Last year, health providers like hospitals, physicians and others spent almost $89 billion to develop and implement electronic medical records, health information exchanges, and other HIT initiatives, according to PwC Health Industries. And spending is expected to grow further during the next five years.

But even in a burgeoning market like HIT, some companies are better positioned for growth.  Here are four winning HIT stocks for the coming boom:

  1. Cerner (NASDAQ: CERN). At $61.86, Cerner is trading nearly 72% over its 52-week low of $36.03 last July. The stock has a decent price-to-earnings growth (PEG) ratio of 1.79 and analysts estimate earnings growth of about 22% this quarter. With a market cap of $10.4 billion, the company has nearly $611 million in cash compared to debt of just $101.4 million – a total debt/equity of 3.8. The Edge: The company this week announced an electronic medical records alliance with the UPMC health network and Oracle.
  2. Allscripts Healthcare (NASDAQ: MDRX). At $19.51, Allscripts is trading more than 24% over its 52-week low of $17.51 last July. The stock has an attractive 0.9 PEG ratio – an indication that the stock might be undervalued. Analysts estimate earnings growth of about 17% this quarter. With a market cap of $3.7 billion, Allscripts has $145.4 million in cash and debt of $449.4 million, for a total debt/equity of 31.5 – on the higher side of the sector.  The Edge: The company just launched a cloud-based HIT solution for physician practices.

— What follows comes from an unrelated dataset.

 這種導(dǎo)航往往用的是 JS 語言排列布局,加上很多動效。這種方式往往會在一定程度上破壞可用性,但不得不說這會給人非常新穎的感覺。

  3. Athenahealth (NASDAQ: ATHN). At $41.76, athenahealth is trading more than 94% over its 52-week low of $21.51 last August. The stock has a solid PEG ratio of 1.5, and analysts estimate earnings growth of 50% this quarter. With a market cap of $1.46 billion, the company has $102.7 million in cash compared to debt of only $8.9 million, for a total debt/equity of 4.9. The Edge: The company on Friday announced an EMR deal with the state of Wisconsin’s WHITEC health information exchange.

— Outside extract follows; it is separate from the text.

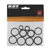 Ремкомплект для вилок от производителя RST. Своевременное обслуживание и ремонт амортизирующих вилок необходимо для продления ресурса и полноценной работы, так как от этого зависит комфорт и безопасность райдера. Данный ремкомплект является необходимым при полом ТО и обслуживании всех узлов амортизирующей вилки. Комплект заключает в себе набор резиновых колец, уплотнений и сальников. Для качественной установки дополнительно необходимо смазать специальной силиконовой смазкой сальники.

  4. Computer Programs & Systems (NASDAQ: CPSI). At $64.18, CPSI is trading more than 66% above its 52-week low of $38.60 last July. Unlike most companies in this sector, it pays a dividend – a 2.3% yield.  The stock has a PEG ratio of 1.46, and analysts estimate earnings growth of 41% this quarter. With a market cap of $710 million, CPSI has total cash of $26.4 million, but no debt.  The Edge: CPSI is teaming with a Vermont hospital system to develop an EMR platform.

As of this writing, Susan J. Aluise did not hold a position in any of the stocks mentioned here.